THE PROPHECY OF ANU-RA
Part three

"We must talk."

"We 'must' not," Rick disagreed, echoing Ardeth's words as his eyes darted around the grounds searching out any signs of danger. "The minute you and I get together, someone usually ends up bleeding."

"Rick! You know Ardeth wouldn't be here if it wasn't important." Reproaching her husband's tone, Evelyn turned to Alex and started to guide her son into the house. "Let's go and see if we can get Uncle Jonathan out of bed, shall we, Alex?"

"Every time there's something interesting to listen to I've gotta go and look for Uncle Jonathan," Alex complained. As he saw it, he had faced as much danger as the adults had; and anyway, he just hated being left out of everything.

"Tough!" Evelyn grinned as she prodded Alex forwarded with a gentle hand on his back.

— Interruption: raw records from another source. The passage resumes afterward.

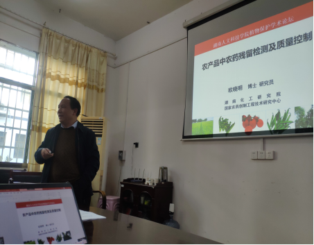 湖南化工研究院国家农药创制工程技术研究中心副主任欧晓明研究员以“农产品中农药残留检测及质量控制”为题作了主题学术报告,主要从农药与农药残留的含义、农药残留前处理和检测技术、农药残留实验质量控制等方面进行了报告,并对农药残留GLP实验室的申报和管理、平台运行做了交流分享。
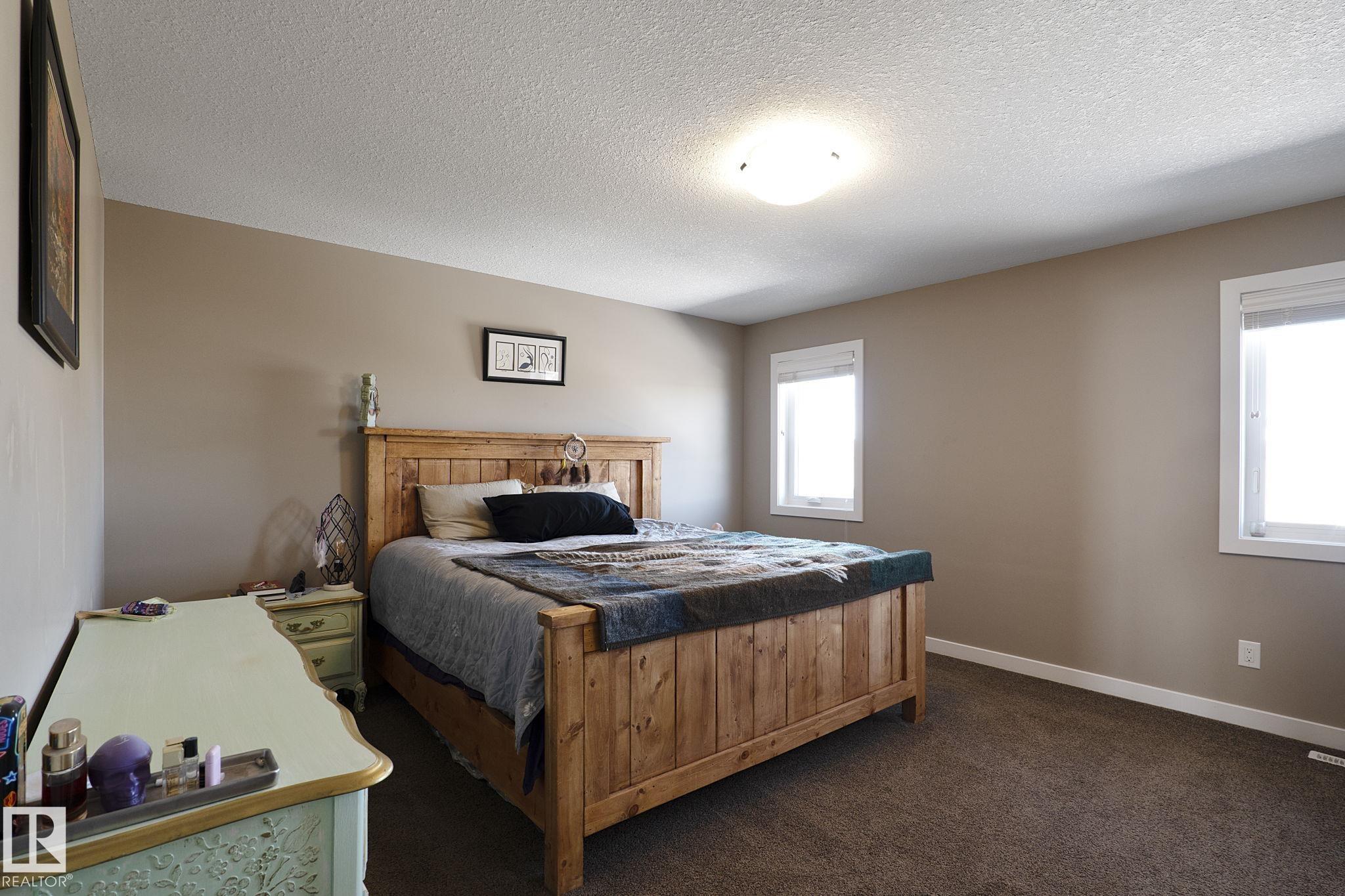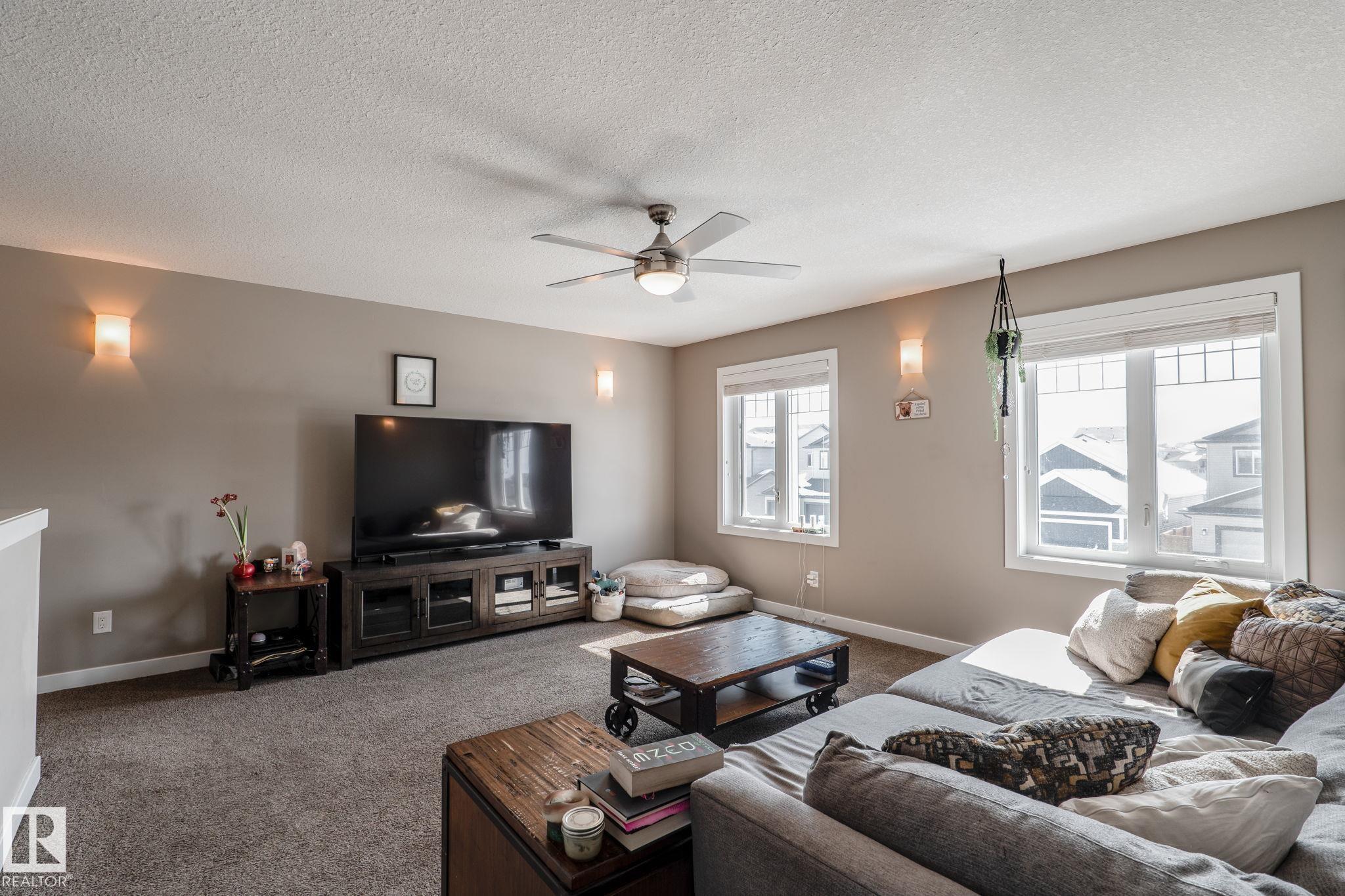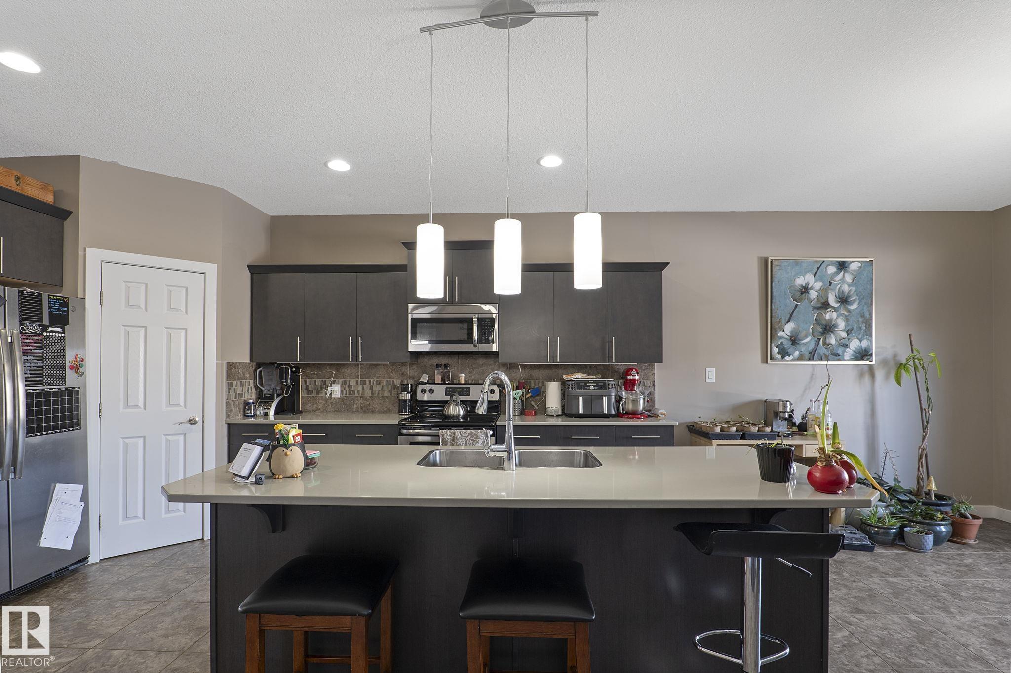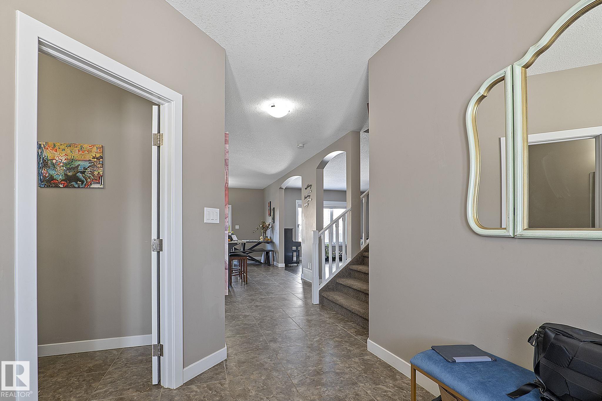 Welcome to this well cared for 4 bedroom, 2 story home in Hilldowns with central A/C! The large foyer and convenient 2 pc bath leads to the open concept main floor. Massive kitchen/dining area with dark wood cabinets, 2 toned island, walk-in pantry, stainless steel appliances and quartz countertops. The main floor also features a spacious living room with gas fireplace and the mudroom off the garage. Upstairs includes a second bright and spacious family room, 2 Bedrooms, 4 Piece bathroom along with huge primary bedroom, 4 Piece en-suite with soaker tub, stand up shower and his a hers walk-in closets. A nice sized laundry room completes this 2nd level. Downstairs has a den/flex room, spacious bedroom and family room. Other features include an over sized double car garage and wood deck with gas hookup for BBQ over looking the large backyard. All of the pilings are in place for a hottub off of the deck. Walking distance to schools, shopping, & The Links Golf Course, this 2-story is sure to impress! Act Fast!
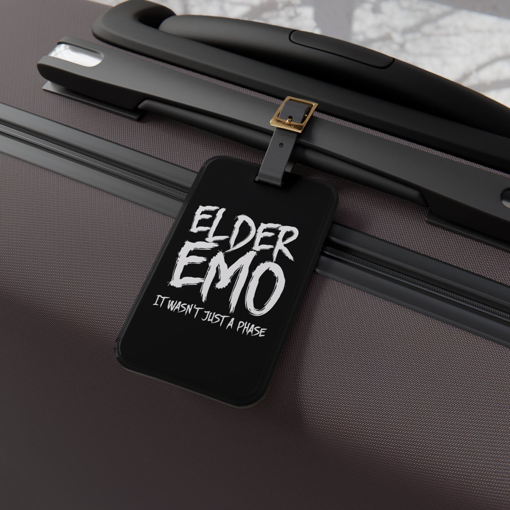 Elder Emo Pride Luggage Tag | Dark Aesthetic Travel Accessory Awesome Gift Goth Punk Fans Baggage ID Not Just a Phase Emo GIft Black Tag
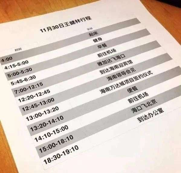 万达集团董事长王健林在24小时辗转两个国家、三座城市、飞行6000公里的日程表曾在网络引起热议;
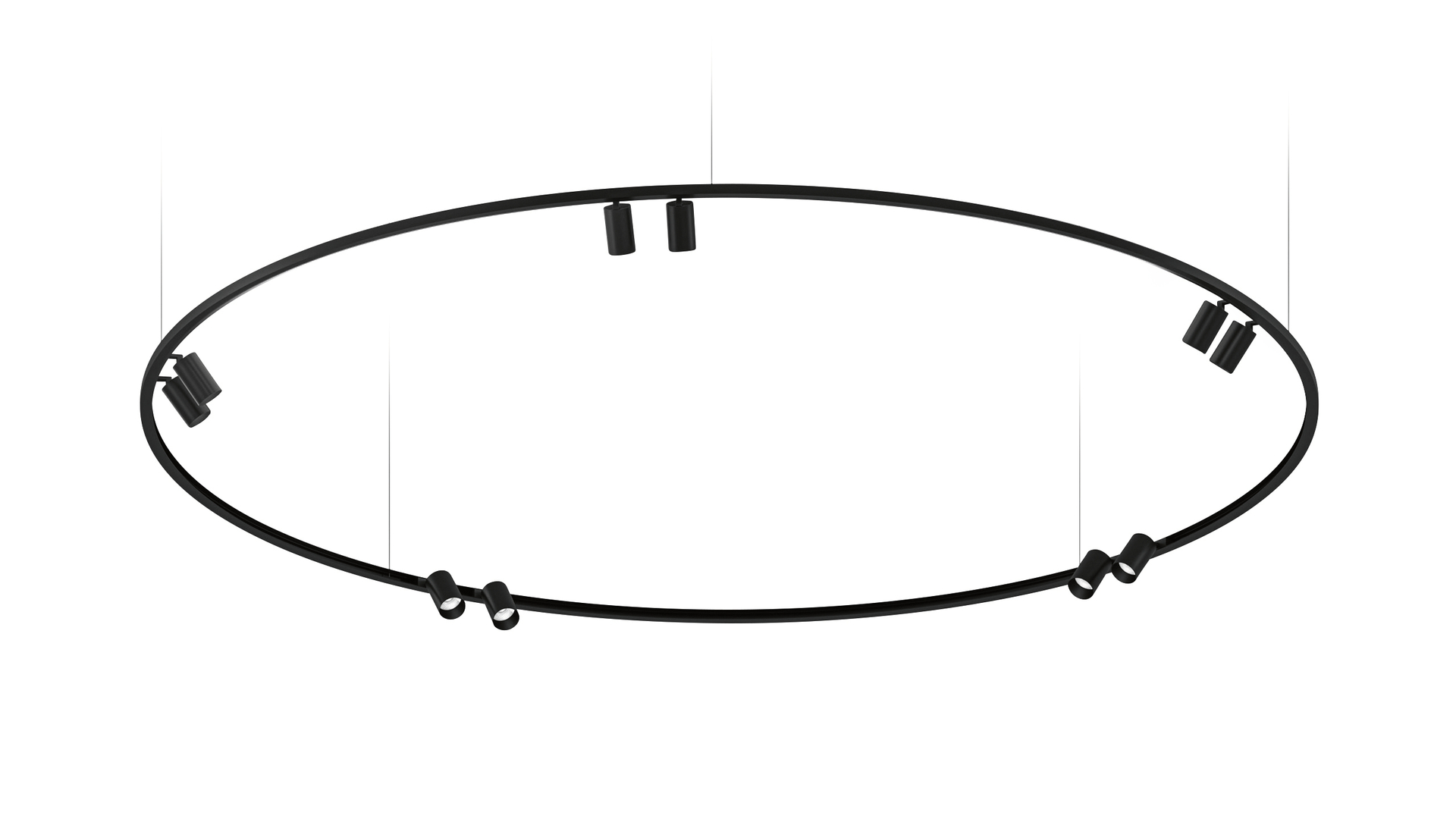 This suspended lighting system comprises power tracks that allow the installation of a variable number of different spotlights. INFINITY MODULE ROUND has been especially designed for the decorative illumination of representative rooms and can be installed individually or in combinations. The track ring is available in six sizes: from a minimal 1,500 mm to 4,000 mm diameter. Bigger rings can be custom-made upon request. The height-adjustable suspension system ensures easy installation in rooms of different heights.
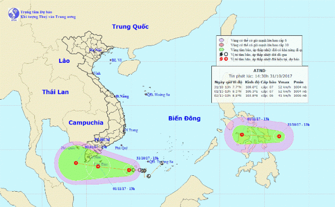 Ngoài ra, hiện nay ở khu vực phía Đông miền Trung Philippin đang có một ATNĐ, vị trí lúc 13 giờ ngày 31/10 ở vào khoảng 11,5 độ Vĩ Bắc; 126,7 độ Kinh Đông, cách đảo Pa-la-oan khoảng 800km về phía Đông, di chuyển chủ yếu theo hướng Tây với tốc độ khoảng 15km một giờ.
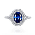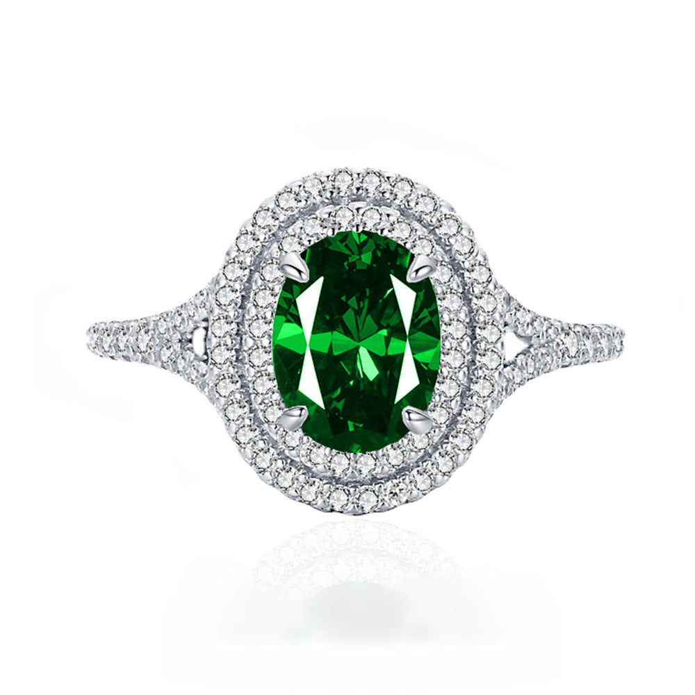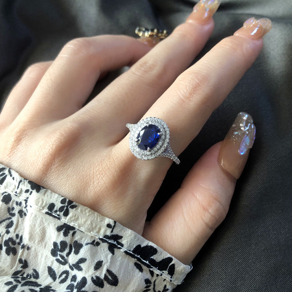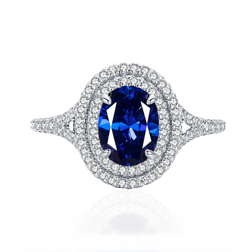 0.9ct inlaid 6 * 8 pigeon egg sapphire ring women's S925 silver European and American fashion colored treasure ring hot wholesale
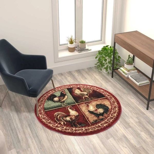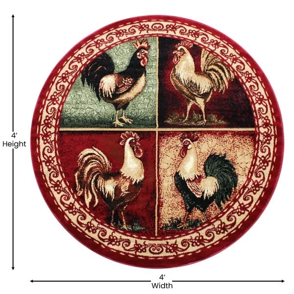 Flash Furniture Red 4×4 Farmhouse Round Rooster Themed Area Rug
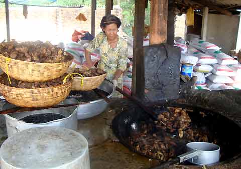 Ở khu vực chế biến, hai bếp nấu cỡ lớn được che chắn trong nhà lá xập xệ, trên nền đất ẩm, dơ. Cách nơi chế biến vài mét là khu chuồng heo cùng bãi nước thải lộ thiên đang bốc mùi hôi nồng nặc.
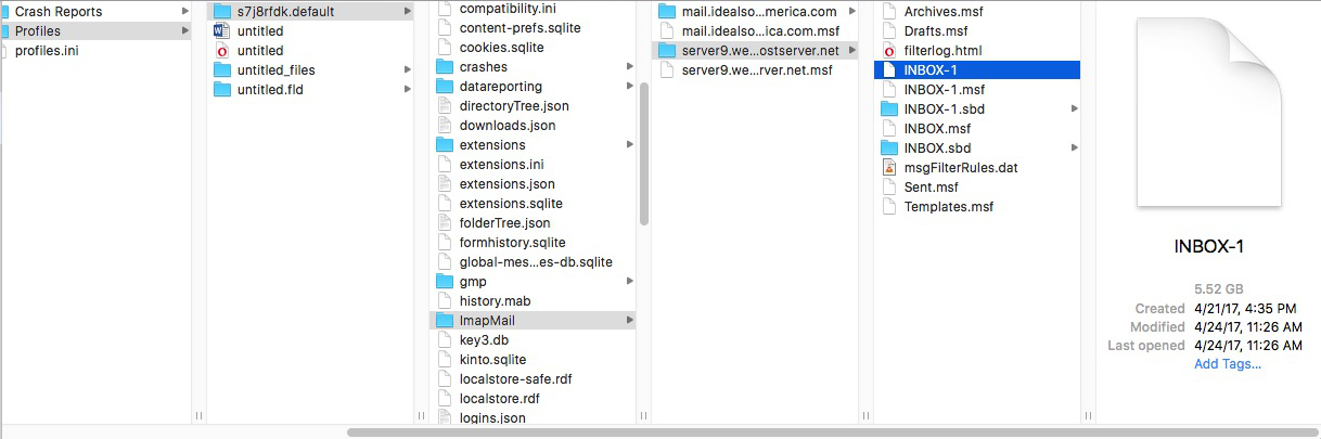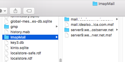 Access profile folders: ~/Library/Thunderbird/Profiles/<Profile name>/

With both O'Connell men duly castigated, Rick shot the Med-jai warrior an impatient look, before like his son, reluctantly ceding to his wife's wishes. "Well, you heard my wife, start talking."

Ardeth had known before making to the trip to London, that Rick's American upbringing coupled with his unwillingness to face his past, was always going to be a stumbling block to making his friend believe in what he was about to reveal. "But will you listen, allowing yourself to hear?" He asked softly.

"I'll listen," Rick answered. "But I don't make any promises on the hearing part of the deal."

Accepting Rick's compromise, Ardeth gestured for Rick to walk with him, as he began to recount the story of the Prophecy to the adverse listener. "For many generations the Med-jai have been told of the 'Wahid', the one of two tribes, born at the sign of two moons, who would grow to manhood and save the world. Three times he will be challenged and three times he will succeed."

"Great story," Rick said dryly. "But what's that got to do with me." His eyebrows arched up and he looked at Ardeth in disbelief, "You 'are' kidding me, right? You don't actually think I'm this...'Wahid' person do you? You're nuts!"

"Listen, please," Ardeth pleaded with Rick. "The Anu-Ra lived in fear of what the birth of this child would mean to their future plans for resurrecting the underworld. In the first year of the Prophecy many Med-jai warriors were killed trying to protect their children, often failing in their attempts. We lost many children, and just as many good men. My father, himself a Chieftain at the time, gave up his life to save mine."

Rick's stunned look gave way to compassion, sighing he shook his head, "I'm sorry about your father, Ardeth, I really am, but even if you are right about me being this 'Wahid' person, which you're not, but even if you were, we can't prove any of it. I don't know who I am, who my parents were. I don't where I was born other than in Egypt somewhere. I don't even know how I came to be at the orphanage in the first place."

"Then you must come back with me and we must find out the truth," Ardeth suggested.

"Go back? Why should I go back?" Rick asked as he frustratingly ran a hand through his unruly fringe.

"Because 'Wahid' or not, the Anu-Ra already know about you and as you have already seen, the underworld has long fingers, even here in London."

Startled by the news, Rick's head whipped around as he look toward the house, "Evy," he whispered fearfully. He had lost his wife once, he couldn't bear to lose her, or Alex again.

"You all must come with me. The Med-jai will pay with their lives to keep your family safe," Ardeth promised before firmly grasping wrist, Rick's fingers covering the brown leather bracelet that hid the adventurer's Med-jai tattoo from the world. "No matter how much you try and hide yourself, you are Med-jai and you know you need to know the truth."